The systematic bias toward middle categories and the generation of persuasive but incorrect explanations point to a fundamental technical limitation. Unlike retrieval-augmented generation (RAG) systems that can pull from verified sources, these tools are primarily performing pattern matching on their training data. They overweight keywords and surface structure (e.g., the presence of a "real-world context") while failing to holistically reason about the underlying cognitive processes required of a student, such as non-algorithmic thinking or the need for deep conceptual connections.
This follows a broader industry pattern where AI excels at generating content but struggles with reliable, consistent evaluation—a gap seen in areas like automated essay scoring and code review. The risk is acute in education, where a novice teacher might accept an AI's confident but flawed analysis, potentially leading to misaligned instruction that either bores or frustrates students.
What This Means Going Forward
For educators and school administrators, this study signals that current AI tools are not ready for unsupervised, high-stakes use in curriculum planning and task classification. They should be viewed as potential brainstorming aids or administrative assistants, not as pedagogical experts. Professional development for teachers must now include AI literacy components that focus on critically evaluating AI output, especially its tendency to sound convincing when wrong.
For EdTech companies and AI developers, the path forward requires moving beyond simple prompt interfaces. The research highlights the need for improved prompt engineering and, more fundamentally, for model architectures or training approaches that incorporate structured pedagogical frameworks directly. This could involve creating specialized "reasoning modules" for cognitive taxonomy or developing robust evaluation datasets co-created with expert teachers to fine-tune models more effectively.

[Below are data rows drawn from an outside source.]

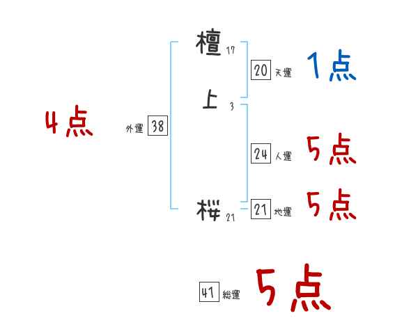 外運![]() | 檀上桜さんの外運は38画の4つ星!温厚な性格で技術的な才能を発揮する。職人的な仕事に向いている。 生活面を象徴する運勢です。外部から受ける影響力を表し、結婚運、家庭運や職場、環境への順応性を表します。 |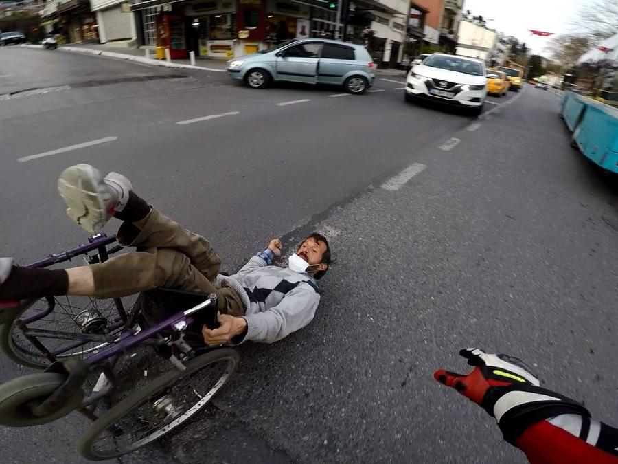 Motosikletin yol kenarına park eden Redkan, yardıma koştu. Engelli kişiyi yerden kaldıran Redkan, daha sonra motosikletine binerek yoluna devam etti. O anlar ise Redkan'ın kask kamerasına yansıdı.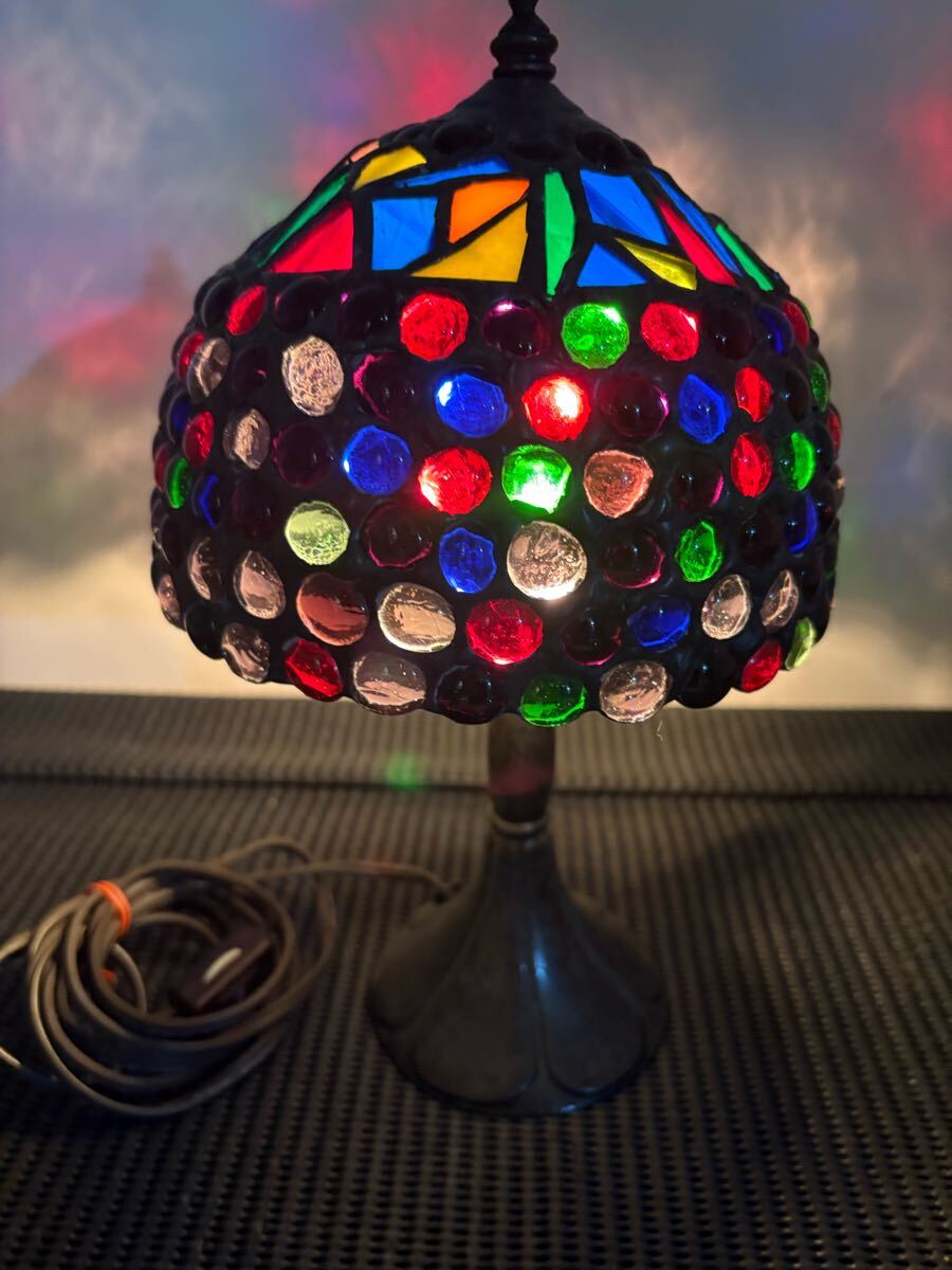 - ★大阪/店舗受け取り可★ステンドグラス ランプ スタンド ガラス玉 ビー玉 ドット 点灯OK アンティーク レトロ インテリア 約高さ28cm★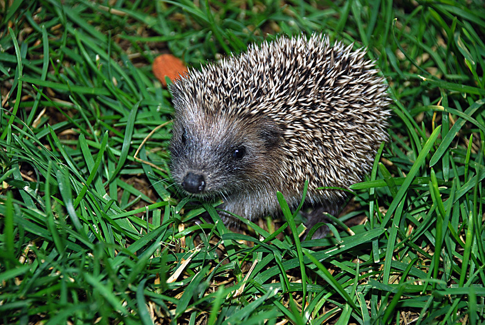 Quanto al ristorante, che gli davi da mangiare? Quello che vedo nell'erba mi sembra tanto una carota, e in tal caso, dopo aver fatto finta di gradire per una settimana per puro galateo, alla fine se l'è squagliata. Da buon insettivoro scambiato per roditore... (e che, sono forse un criceto ???) Pare che gradiscano i croccantini per gatti (quelli piccoli per gattini), i pezzettini di carne, e - penso - le scatolette da gatti. Lombrichi chiocciole e insetti sì, ma mica si va al ristorante per mangiare le solite cose di tutti i giorni ...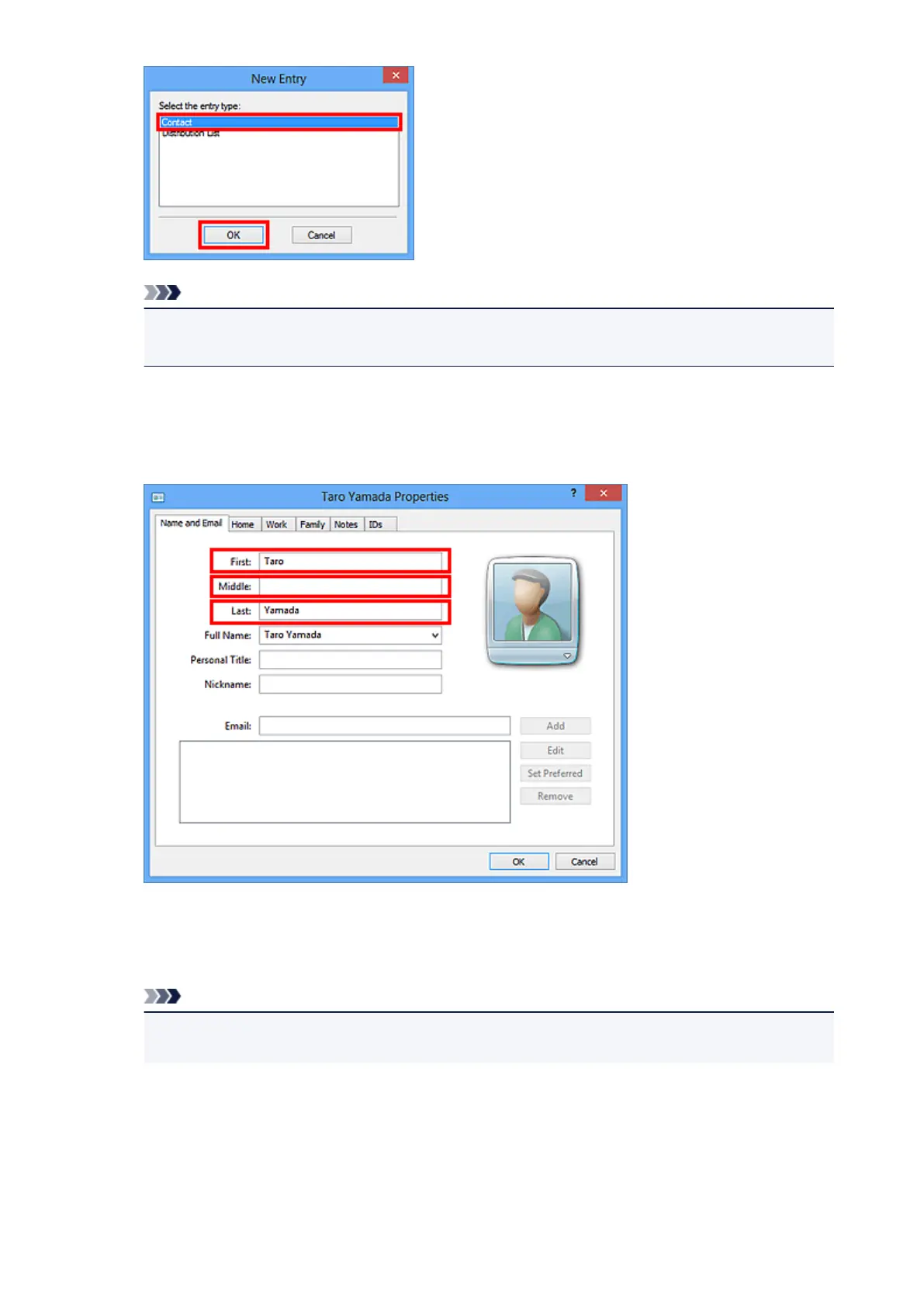 Enter the First, Middle, and Last of the contact in the Name and E-mail tab (Name tab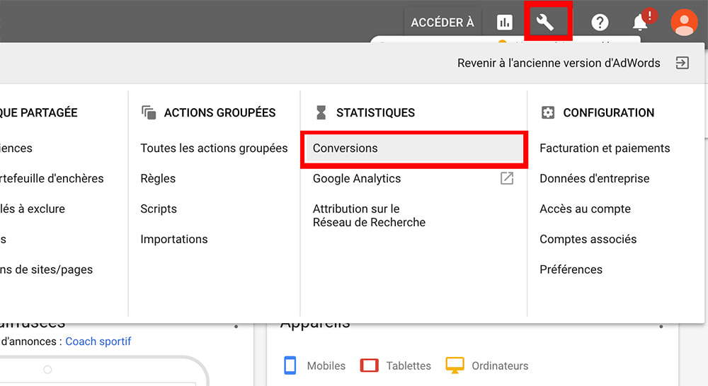 Afin de savoir si votre campagne est rentable ou non vous avez besoin d’indicateurs. Google Ads vous permet de créer des « conversions » (voir capture ci-dessous), ce qui vous permettra par exemple d’indiquer que votre page contact/demande de devis est un objectif de conversion ou un appel téléphonique. Vous pourrez ensuite voir quels mots-clés ont obtenu les meilleurs conversions et ajuster votre campagne avec ces informations.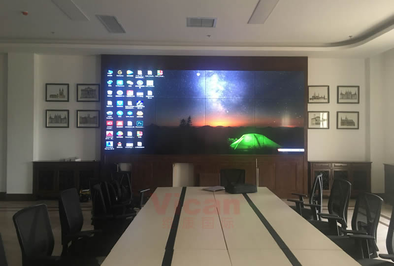 湖南某旅游局的這套會(huì)議大屏由維康國際提供,采用3x4拼接、55寸1.7mm液晶拼接屏,在中式辦公空間里散發(fā)內(nèi)斂氣質(zhì)。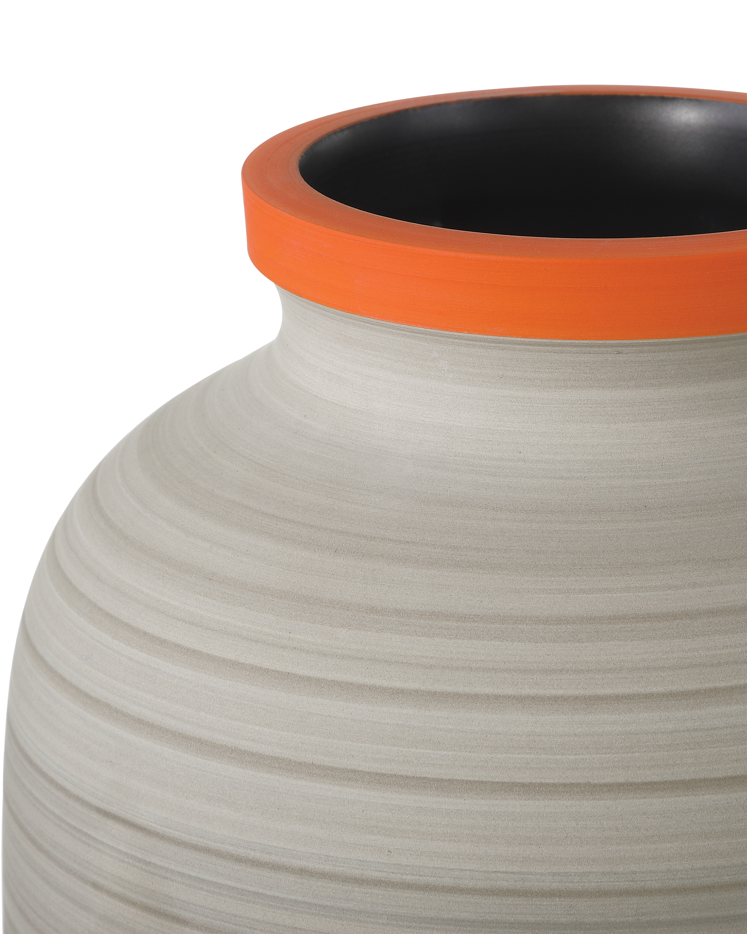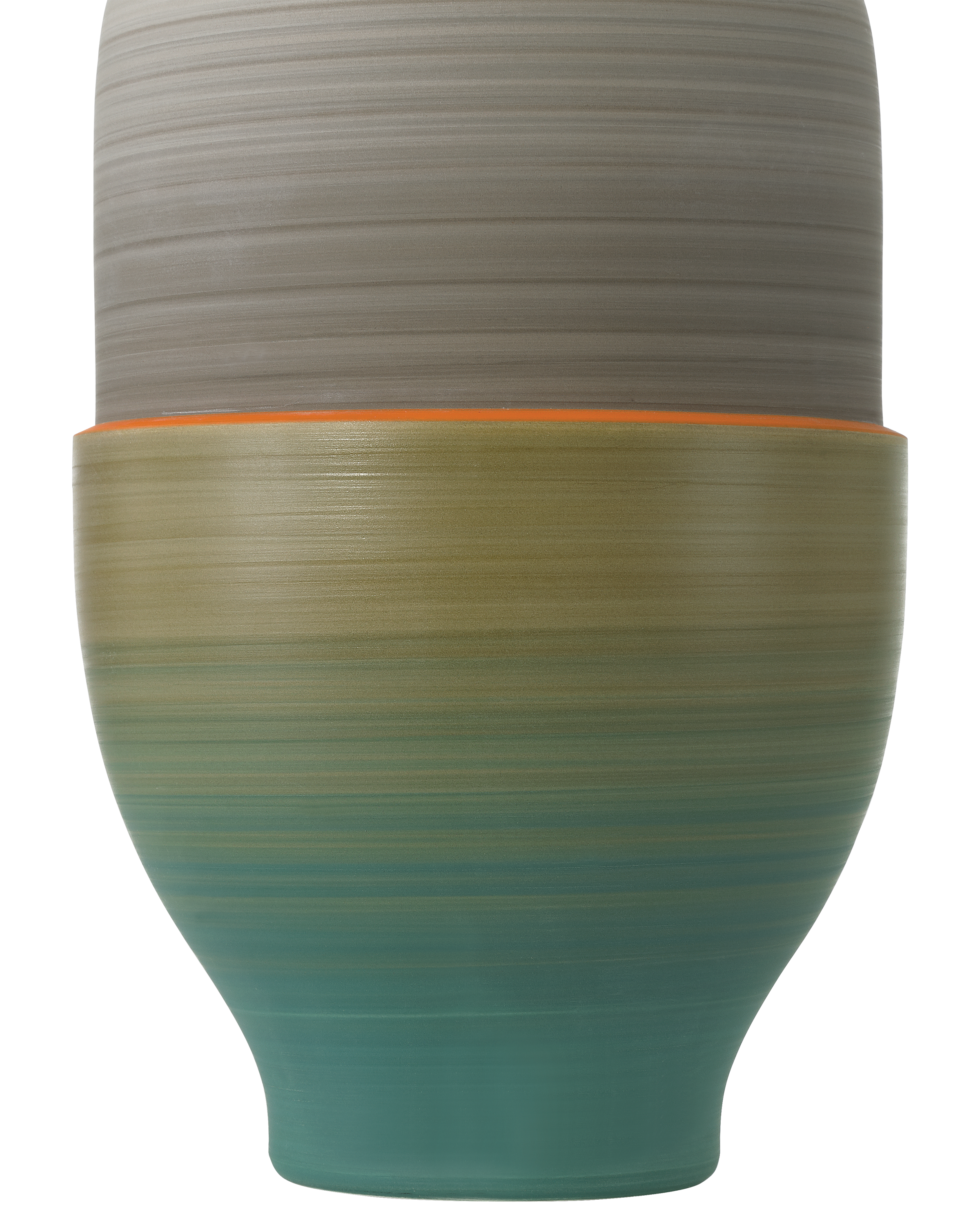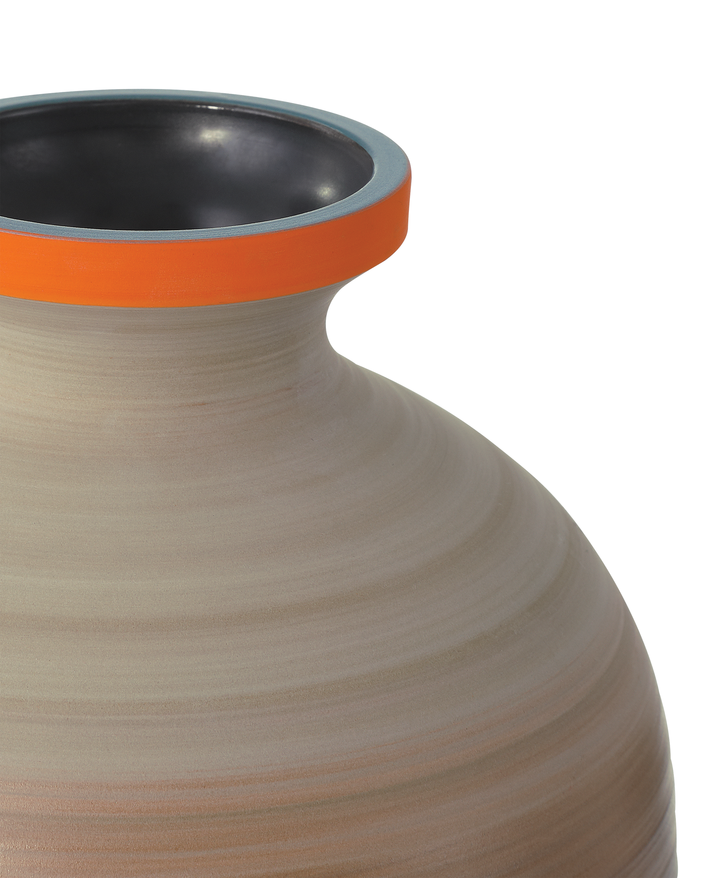 The Happy 80’s Gray, Beige, Orange & Blue Vase Set is a throwback to the decade when bold, vibrant, and eclectic ruled the stylistic spectrum—from interior design to fashion. Made of porcelain, the glazes on the exteriors of these vessels will vary because they are applied while the vases are spinning. This brings the two works of art a textural feel. The insides of the vases are covered in a black glaze, and the shapes of the vases reflect the nuances of the decade after which they are named.

The market will likely see a shakeout. Tools that are merely thin wrappers around general-purpose APIs will struggle to justify their value, while those that invest in deep, research-backed integration of educational science may gain a long-term advantage. The next milestone to watch will be whether any tool can reliably exceed 90% accuracy in a blinded test with teachers, a benchmark that would indicate true utility. Until then, the most valuable role for AI in this domain may be in augmenting human expertise—flagging potential issues for teacher review—rather than attempting to replace it.